◆ Exercise requirements: For the listing below, output exactly the lines from the line with "Personalisieren Sie die" up to and including the line with "The Milagro Beauty", and no other lines.

◆ Record set:
------------------------------------------------

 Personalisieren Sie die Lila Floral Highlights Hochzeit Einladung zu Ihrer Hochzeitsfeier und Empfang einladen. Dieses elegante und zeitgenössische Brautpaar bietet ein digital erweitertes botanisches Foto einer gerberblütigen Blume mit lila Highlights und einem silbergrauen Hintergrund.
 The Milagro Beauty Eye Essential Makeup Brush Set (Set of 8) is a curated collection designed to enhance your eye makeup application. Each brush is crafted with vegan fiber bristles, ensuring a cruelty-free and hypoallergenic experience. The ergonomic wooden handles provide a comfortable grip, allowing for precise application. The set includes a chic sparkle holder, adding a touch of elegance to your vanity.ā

------------------------------------------------

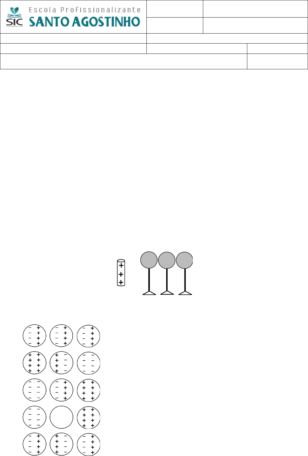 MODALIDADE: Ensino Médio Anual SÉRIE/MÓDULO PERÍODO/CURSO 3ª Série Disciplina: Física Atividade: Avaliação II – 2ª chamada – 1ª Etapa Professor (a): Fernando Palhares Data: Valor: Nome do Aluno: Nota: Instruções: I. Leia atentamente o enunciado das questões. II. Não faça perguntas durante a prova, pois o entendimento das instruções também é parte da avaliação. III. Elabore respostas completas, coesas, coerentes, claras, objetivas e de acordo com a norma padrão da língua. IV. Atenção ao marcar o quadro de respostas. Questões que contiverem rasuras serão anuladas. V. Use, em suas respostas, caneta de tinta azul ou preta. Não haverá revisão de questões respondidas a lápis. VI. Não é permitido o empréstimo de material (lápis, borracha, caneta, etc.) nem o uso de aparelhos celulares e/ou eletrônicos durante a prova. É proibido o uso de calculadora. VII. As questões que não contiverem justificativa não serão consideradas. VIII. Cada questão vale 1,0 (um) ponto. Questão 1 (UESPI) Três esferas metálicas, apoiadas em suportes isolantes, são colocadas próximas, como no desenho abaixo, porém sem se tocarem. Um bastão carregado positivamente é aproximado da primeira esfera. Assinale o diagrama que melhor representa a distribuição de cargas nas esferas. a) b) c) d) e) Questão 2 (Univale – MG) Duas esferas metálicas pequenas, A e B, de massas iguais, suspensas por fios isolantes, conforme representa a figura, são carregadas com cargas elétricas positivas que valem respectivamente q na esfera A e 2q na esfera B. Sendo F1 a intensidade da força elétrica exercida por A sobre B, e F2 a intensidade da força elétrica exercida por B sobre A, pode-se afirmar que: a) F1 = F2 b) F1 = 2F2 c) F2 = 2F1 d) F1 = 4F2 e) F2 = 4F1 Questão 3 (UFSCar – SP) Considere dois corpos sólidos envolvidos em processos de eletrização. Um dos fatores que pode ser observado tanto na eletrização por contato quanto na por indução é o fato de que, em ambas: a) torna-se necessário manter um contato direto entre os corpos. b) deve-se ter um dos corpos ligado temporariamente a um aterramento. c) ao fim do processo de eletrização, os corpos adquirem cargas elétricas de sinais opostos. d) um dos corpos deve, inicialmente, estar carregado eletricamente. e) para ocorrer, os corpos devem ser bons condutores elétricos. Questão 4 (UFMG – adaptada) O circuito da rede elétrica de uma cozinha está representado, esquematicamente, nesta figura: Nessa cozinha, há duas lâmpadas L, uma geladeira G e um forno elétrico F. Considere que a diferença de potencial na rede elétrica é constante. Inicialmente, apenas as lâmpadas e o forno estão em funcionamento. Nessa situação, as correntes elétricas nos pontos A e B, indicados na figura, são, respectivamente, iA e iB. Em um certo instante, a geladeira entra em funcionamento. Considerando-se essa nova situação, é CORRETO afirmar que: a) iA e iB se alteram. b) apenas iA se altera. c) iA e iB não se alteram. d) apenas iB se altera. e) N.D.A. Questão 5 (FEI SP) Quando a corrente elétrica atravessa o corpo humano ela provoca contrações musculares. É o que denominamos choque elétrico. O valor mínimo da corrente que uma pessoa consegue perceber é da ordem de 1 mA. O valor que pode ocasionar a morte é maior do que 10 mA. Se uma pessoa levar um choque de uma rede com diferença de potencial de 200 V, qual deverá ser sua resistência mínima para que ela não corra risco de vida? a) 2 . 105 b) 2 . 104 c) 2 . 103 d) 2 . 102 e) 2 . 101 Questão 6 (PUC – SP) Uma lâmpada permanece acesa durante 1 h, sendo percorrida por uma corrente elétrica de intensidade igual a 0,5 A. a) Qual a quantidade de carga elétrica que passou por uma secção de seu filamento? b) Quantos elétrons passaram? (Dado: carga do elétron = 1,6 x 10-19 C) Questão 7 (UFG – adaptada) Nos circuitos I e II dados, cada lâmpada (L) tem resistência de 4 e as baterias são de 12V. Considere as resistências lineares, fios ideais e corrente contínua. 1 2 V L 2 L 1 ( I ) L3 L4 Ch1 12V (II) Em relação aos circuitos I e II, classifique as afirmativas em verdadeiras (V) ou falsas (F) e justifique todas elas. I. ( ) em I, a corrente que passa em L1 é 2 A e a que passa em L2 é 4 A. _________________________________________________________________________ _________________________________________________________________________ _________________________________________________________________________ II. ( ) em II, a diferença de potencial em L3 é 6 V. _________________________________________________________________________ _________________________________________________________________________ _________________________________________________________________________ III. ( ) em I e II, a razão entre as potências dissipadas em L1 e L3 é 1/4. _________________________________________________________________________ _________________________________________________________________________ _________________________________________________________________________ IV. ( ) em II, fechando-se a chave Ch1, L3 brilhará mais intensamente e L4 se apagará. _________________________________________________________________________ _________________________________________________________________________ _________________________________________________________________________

------------------------------------------------

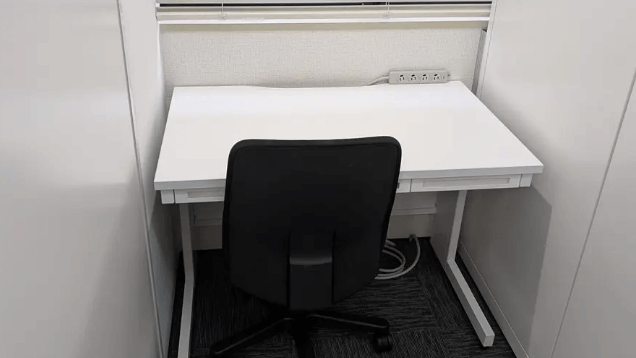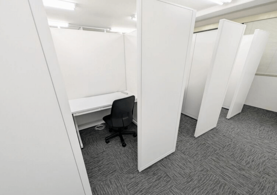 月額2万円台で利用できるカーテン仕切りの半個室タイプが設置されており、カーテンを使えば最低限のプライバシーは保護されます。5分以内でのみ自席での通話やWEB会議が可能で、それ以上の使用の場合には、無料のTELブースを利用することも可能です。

------------------------------------------------

◆ Written response:
 Personalisieren Sie die Lila Floral Highlights Hochzeit Einladung zu Ihrer Hochzeitsfeier und Empfang einladen. Dieses elegante und zeitgenössische Brautpaar bietet ein digital erweitertes botanisches Foto einer gerberblütigen Blume mit lila Highlights und einem silbergrauen Hintergrund.
 The Milagro Beauty Eye Essential Makeup Brush Set (Set of 8) is a curated collection designed to enhance your eye makeup application. Each brush is crafted with vegan fiber bristles, ensuring a cruelty-free and hypoallergenic experience. The ergonomic wooden handles provide a comfortable grip, allowing for precise application. The set includes a chic sparkle holder, adding a touch of elegance to your vanity.ā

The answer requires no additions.